Les voix, la lumière, la liberté ; tout lui paraissait si irréel, si…

— Quoi ?

— Son Excellence désire te rencontrer.

— Mais… et mon exécution ?

— Nom d'yvil, il a l'air déçu, le bougre.

Kamu tenta d'ouvrir les yeux, la main plaquée sur son visage, mais il se retrouva quand même aveuglé par la faible aura qui s'échappait d'entre ses doigts. Il se releva, les yeux douloureux et larmoyants. La sensation des lances contre son torse ne se fit pas attendre.

— Dépêche-toi, il t’attend.

— Le… le Château ?

— En personne. Aller, magne-toi.

— Mais…

— Bouge !

Les pointes affûtées insistèrent, puis se retirèrent. Kamu s'obligea à entrouvrir les yeux pour distinguer l'encadrement de la porte, libéré par les Garde-pleurs. Il manqua de trébucher en sortant dans le couloir, et ne s'aperçut qu'à cet instant des plaintes des autres prisonniers. Il s'y était habitué.

— Pourquoi veut-il me voir ? J'ai déjà tout dit à la Seconde, je ne…

Une violente tape à l'arrière du crâne le fit taire.

— Avance, tu verras bien.

Kamu suivit le Garde-pleurs comme il le put jusqu'à l'escalier, au-delà de la grande porte des cachots. Il garda ses yeux ouverts avec peine, les lances des autres fermement pressées contre son dos. La douleur s'accentuait à chaque marche qu'il grimpait en raison de la lumière qui s'intensifiait. Elle lui donnait l’impression de se faire transpercer la rétine par une centaine d'aiguilles chauffées à blanc.

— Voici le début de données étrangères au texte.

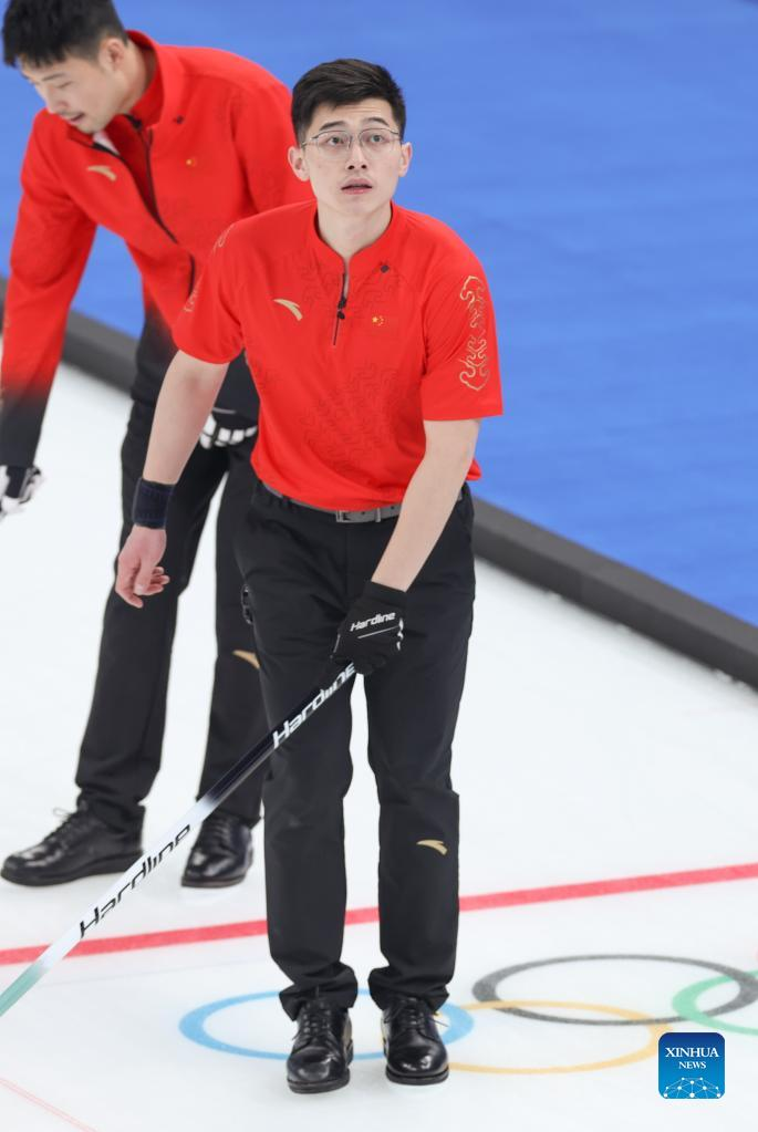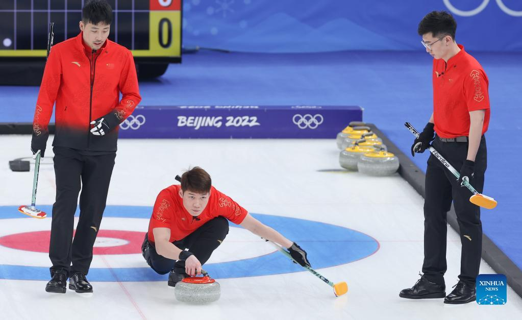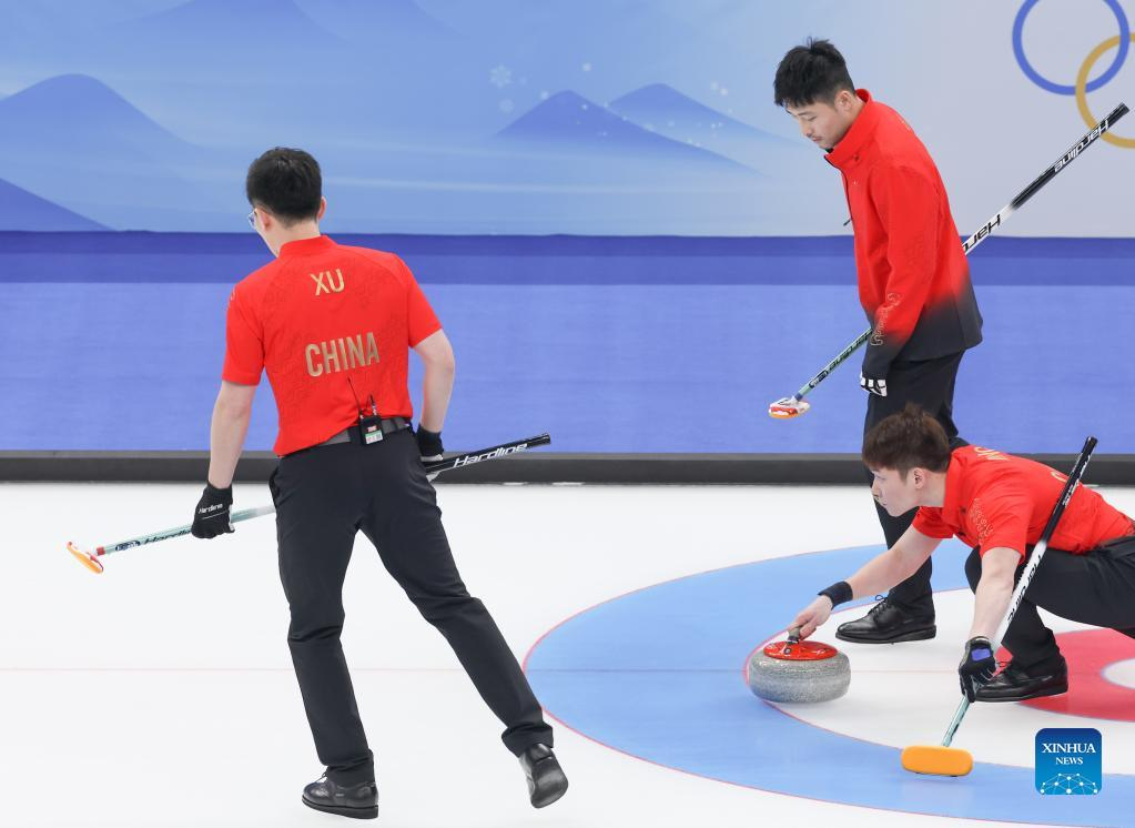 Wang Zhiyu (1st R) of China competes during the Curling Men's Round Robin Session 1 of the Beijing 2022 Winter Olympics between China and Sweden at the National Aquatics Centre in Beijing, capital of China, Feb. 9, 2022. (Xinhua/Wang Jingqiang)
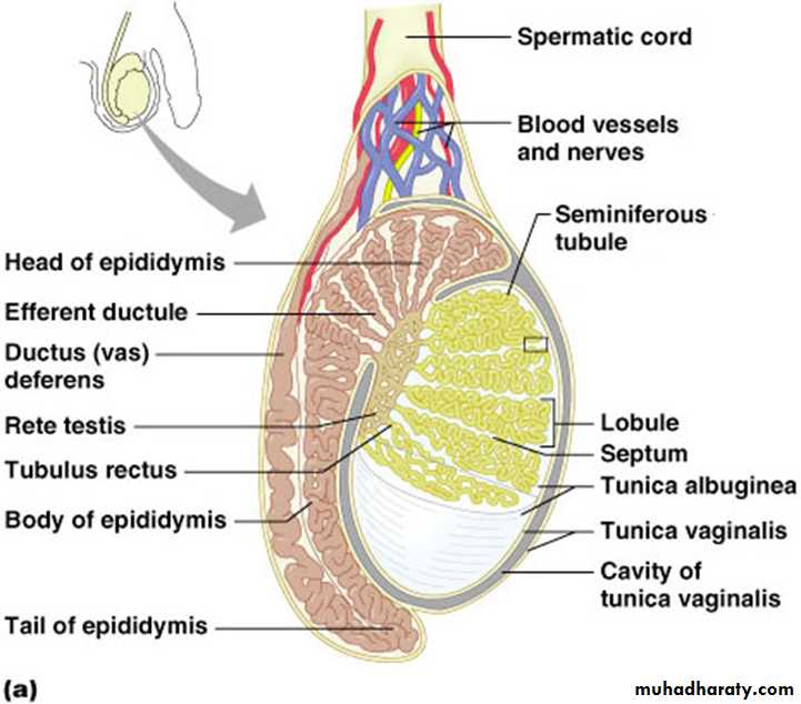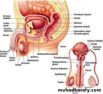The internal male genitalia consist of the testes with the adjoining epididymis, the vas deferens and the accessory sex glands, namely the seminal vesicles, the prostrate and the bulbourethral glands (the latter sometimes are included in the external genitalia).Testes
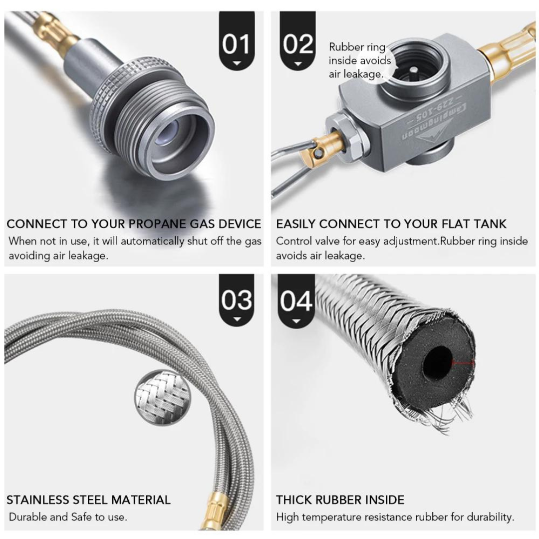 CAMPINGMOON Z29-105 Grill Propane Gas Stove Adapter with Extend Hose
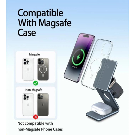- Univerzální nabíjení 3v1: Nabíjejte současně svůj iPhone, Apple Watch, AirPods či jiné sluchátka s podporou bezdrátového nabíjení.

Le monde demeurait flou et éclatant.

Mais cette sensation… l'air semblait si pur, comme une eau fraîche venue le nettoyer de toute la saleté accumulée. Il prit conscience de la crasse dans laquelle il avait mariné pendant… pendant…

— Depuis quand suis-je enfermé ? demanda-t-il alors qu'ils arrivaient dans un couloir à l'écho surprenant.

Kamu fit glisser sa capuche sur sa tête pour se protéger de la lumière du jour qui perçait à travers les fenêtres. Des mosaïques colorées parcouraient le sol en arabesques rappelant le vent.

— D'après l'odeur, je dirais au moins deux mois, marmonna un Garde-pleurs derrière lui. Mais d'après le calendrier, ça fait deux semaines.

— Eh, Karart ! lança un autre garde. Il empeste le rat crevé, est ce qu'on ferait pas mieux de le passer sous la pluie ?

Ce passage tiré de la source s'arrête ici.